I can fully understand. I'm a doctor, not a farmer, so I tend to talk 
and trust those who understand these complicated issues best--the 
farmers in my district. For those of you who don't have a lot of 
farmers, don't worry. You sure eat. I'd be happy to give you the 
numbers of lots of farmers in northern Michigan, and they'd be happy to 
talk to you.
  I look forward to a robust debate.
  Mr. PETERSON. Madam Chair, I am pleased to yield 1 minute to another 
new member of the committee, the gentlelady from Illinois (Mrs. 
  Mrs. BUSTOS. I rise today to talk about an issue of critical 
importance to my district in Illinois, and that is passing a 5-year 
farm bill.
  As anyone can tell as one drives across my district, from Rockford to 
the Quad Cities to Peoria and everywhere in between, agriculture is our 
number one industry. My district is home to thousands of farmers and to 
millions of acres of some of the best farmland in the world. It is also 
home to Caterpillar and John Deere--among the best farm implement 
manufacturers in the world. The entire western border of my 
congressional district is met by the Mississippi River, on which barge 
transportation of agricultural products is absolutely vital to commerce 
in the region, in the State, and even in the world.
  Whenever I talk with farmers or those employed in the agricultural 
business, what I hear more than anything else is that they want--and 
they need--certainty. Unfortunately, last year, Congress failed to pass 
a 5-year farm bill and, instead, resorted to a short-term extension, 
which expires at the end of September.

[[Page H3727]]

  The Acting CHAIR (Ms. Ros-Lehtinen). The time of the gentlewoman has 
  Mr. PETERSON. I yield the gentlelady an additional 1 minute.
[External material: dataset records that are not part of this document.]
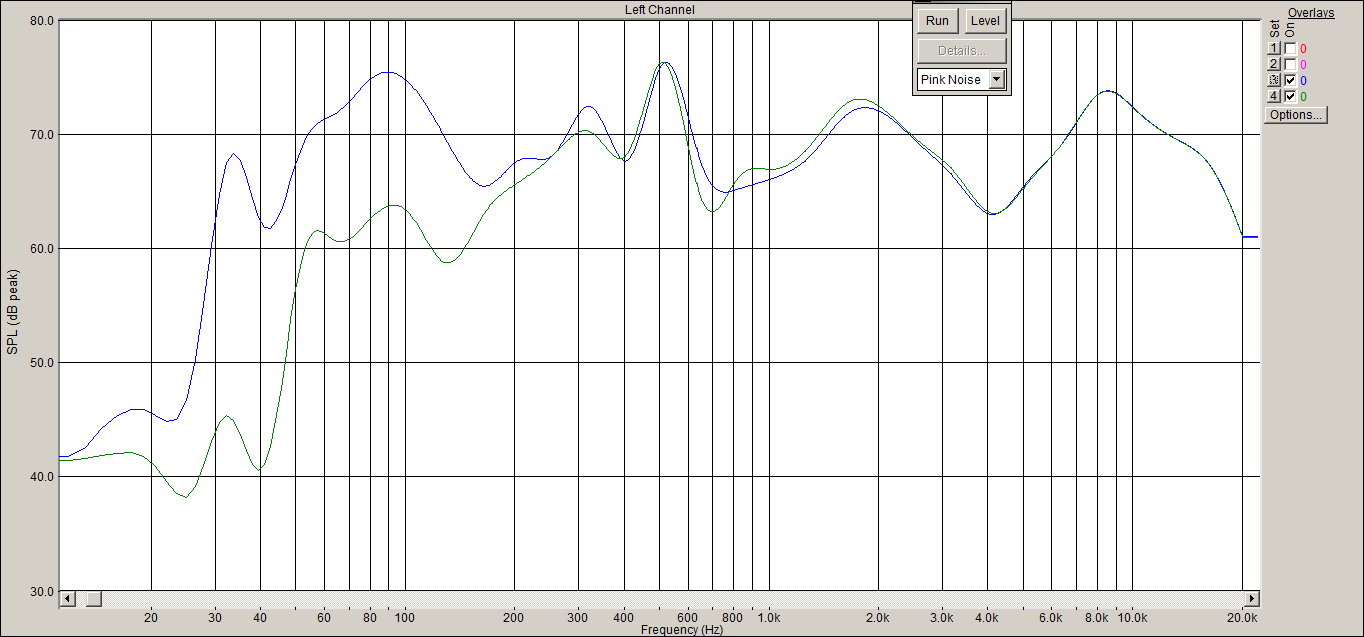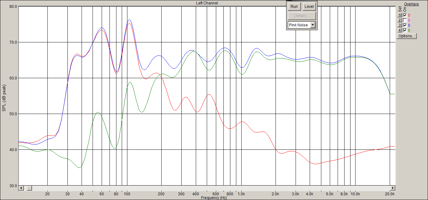То есть, возможные пары красный+синий или зелёный+розовый, нда... Зато понятно, что разницу на частоте 90 Гц даёт левый угол, а холмик 250 Гц - правый угол.
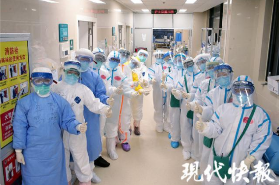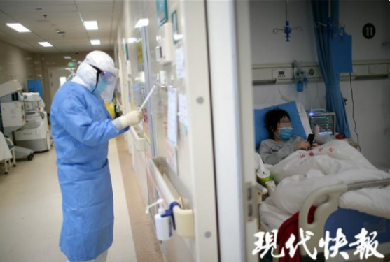 2月18日下午,現(xiàn)代快報記者走進“紅區(qū)”——重癥隔離病房里,用鏡頭記錄下一組組“我和你”的故事。
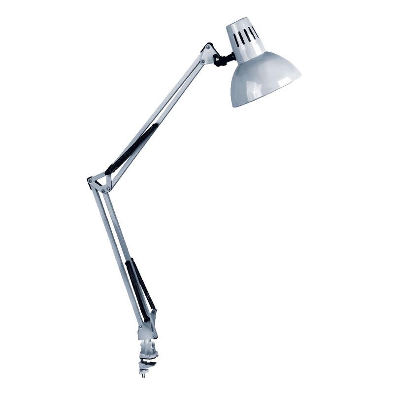 Современный универсальный настольный светильник, изготовленный из металла, предназначен для освещения рабочего места в офисе и дома. Двузвенная металлическая стойка позволяет регулировать наклон светильника и высоту плафона в широком диапазоне. Струбцина позволяет крепить светильник как к горизонтальной так и к вертикальной поверхности. Выключатель находится на проводе 1,6 м. В качестве источника света можно использовать лампу мощностью до 60 Вт с цоколем E27.

  Mrs. BUSTOS. Thank you, Mr. Peterson.
  As a member of the Agriculture Committee, it was an honor to be part 
of the farm bill markup last month. Unlike so much else in Washington, 
the markup was an exercise in bipartisanship. The entire committee was 
civil and accommodating toward one another. While the bill we passed is 
not perfect, it contains many worthwhile provisions.
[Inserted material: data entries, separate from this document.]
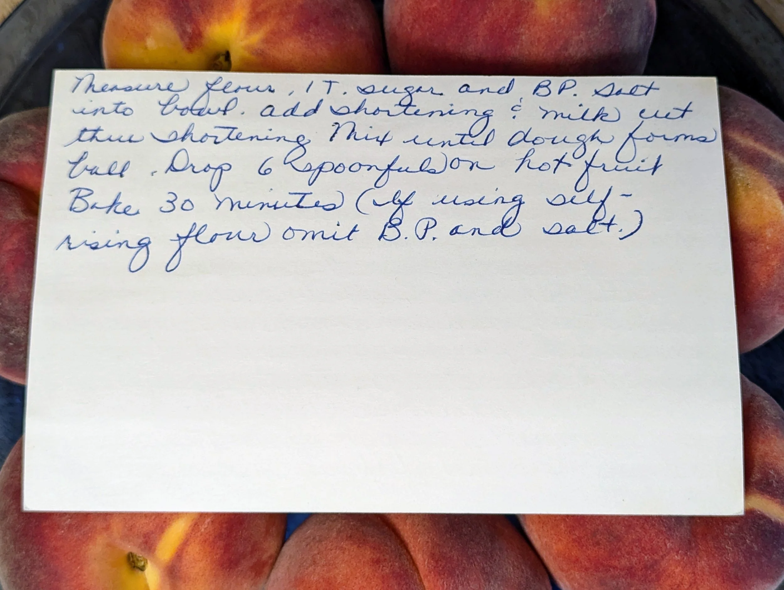 Fresh peaches really do make the recipe, although they could be substituted with good drained canned peaches.
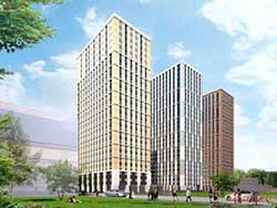 Многофункциональный комплекс «Водный» находится в Северном административном округе Москвы, на пересечении Головинского шоссе и Кронштадтского бульвара. В рамках второй очереди проекта возводится комплекс апартаментов — пять башен по двадцать шесть этажей, образующих единую территорию и внутреннее пространство. Здесь предлагаются апартаменты от 41 до 97 кв. м и стоимостью от 5,3 млн руб., что является уникальным для Москвы предложением.
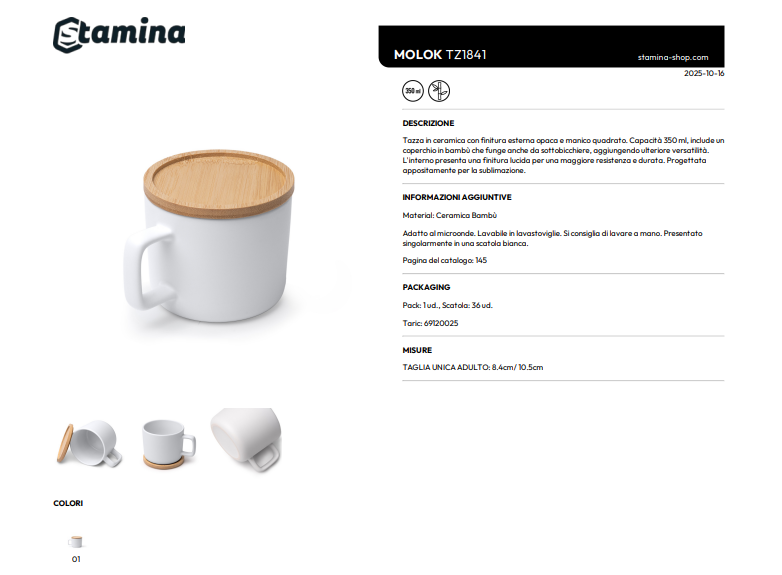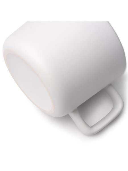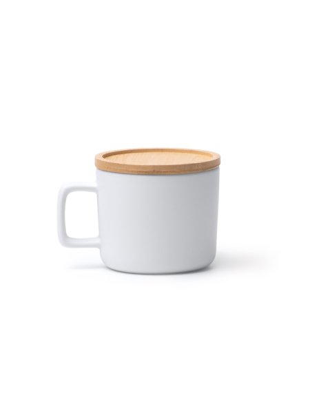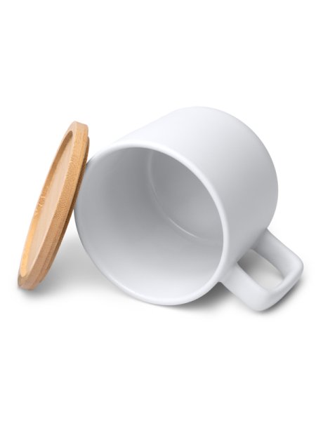Tazza in ceramica con finitura esterna opaca e manico quadrato. Capacità 350 ml, include un coperchio in bambù che funge anche da sottobicchiere, aggiungendo ulteriore versatilità. L'interno presenta una finitura lucida per una maggiore resistenza e durata. Progettata appositamente per la sublimazione. Confezione in cartone kraft.
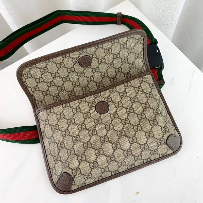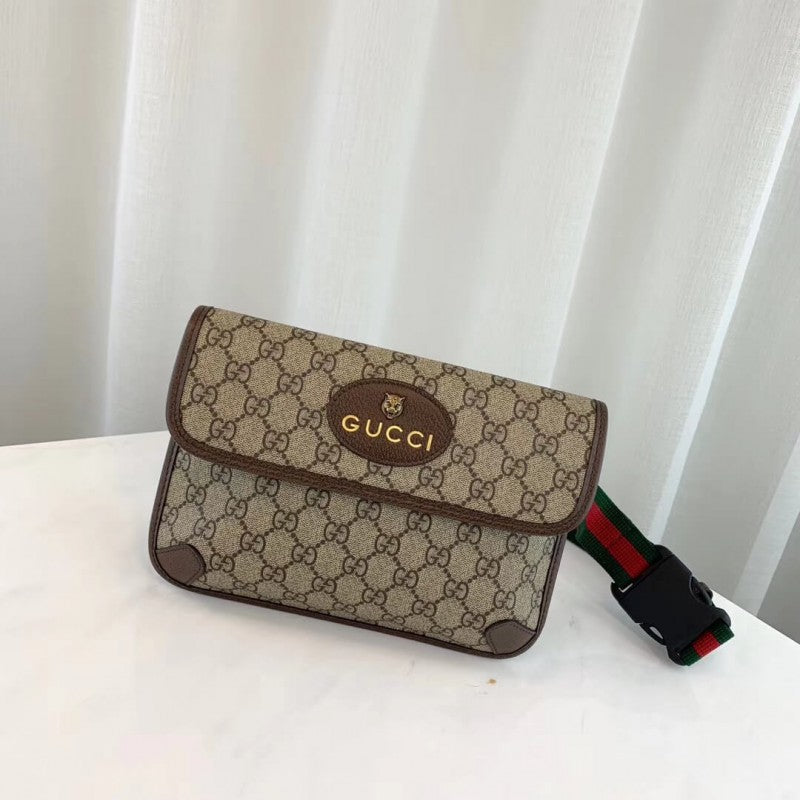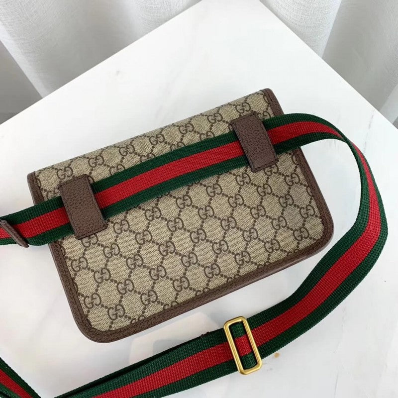 The belt bag in GG Supreme has a retro influenced design. Trimmed with leather, the style is meant to be worn along the waist, securing with a Web strap and buckle closure.
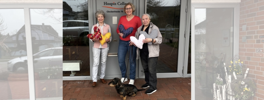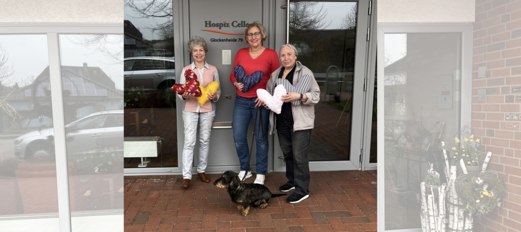 Roswitha Alvermann (rechts), Vorsitzende vom SoVD Hustedt, und Schriftführerin Marion Gläser übergaben Hospizleiterin Inga Janßen kürzlich neue selbst genähte Herzkissen für unsere Gäste: ein freundlicher Willkommensgruß – nicht nur schön, sondern auch weich und bequem. Auch unsere ambulanten Trauerbegleiter haben Herzkissen dabei für die Trauernden, mit denen sie sich treffen.

  Illinois farmers have endured some of the most extreme weather 
conditions in recent years, including record floods this year and the 
worst drought in a generation just a year ago. That is why we need to 
keep in place a strong and stable crop insurance program so that 
farmers, always at the mercy of Mother Nature, can continue to provide 
the food our Nation and our world depend on. The bill also contains an 
amendment that I sponsored that would help aid improvements to river 
transportation infrastructure, flood prevention and drought relief, 
including the aging locks and dam system along the Mississippi and 
Illinois Rivers.
  The family farmers I talk with back home in Illinois want the 
security and the stability of a 5-year farm bill. That is how they can 
plan for future growth and investments and can continue to provide the 
world with a stable food supply. Let's give them the certainty by 
passing a 5-year farm bill.
  Mr. LUCAS. Madam Chairman, I yield 2 minutes for the purpose of a 
colloquy to the gentleman from Washington State, Doc Hastings.
  Mr. HASTINGS of Washington. Thank you, Mr. Chairman.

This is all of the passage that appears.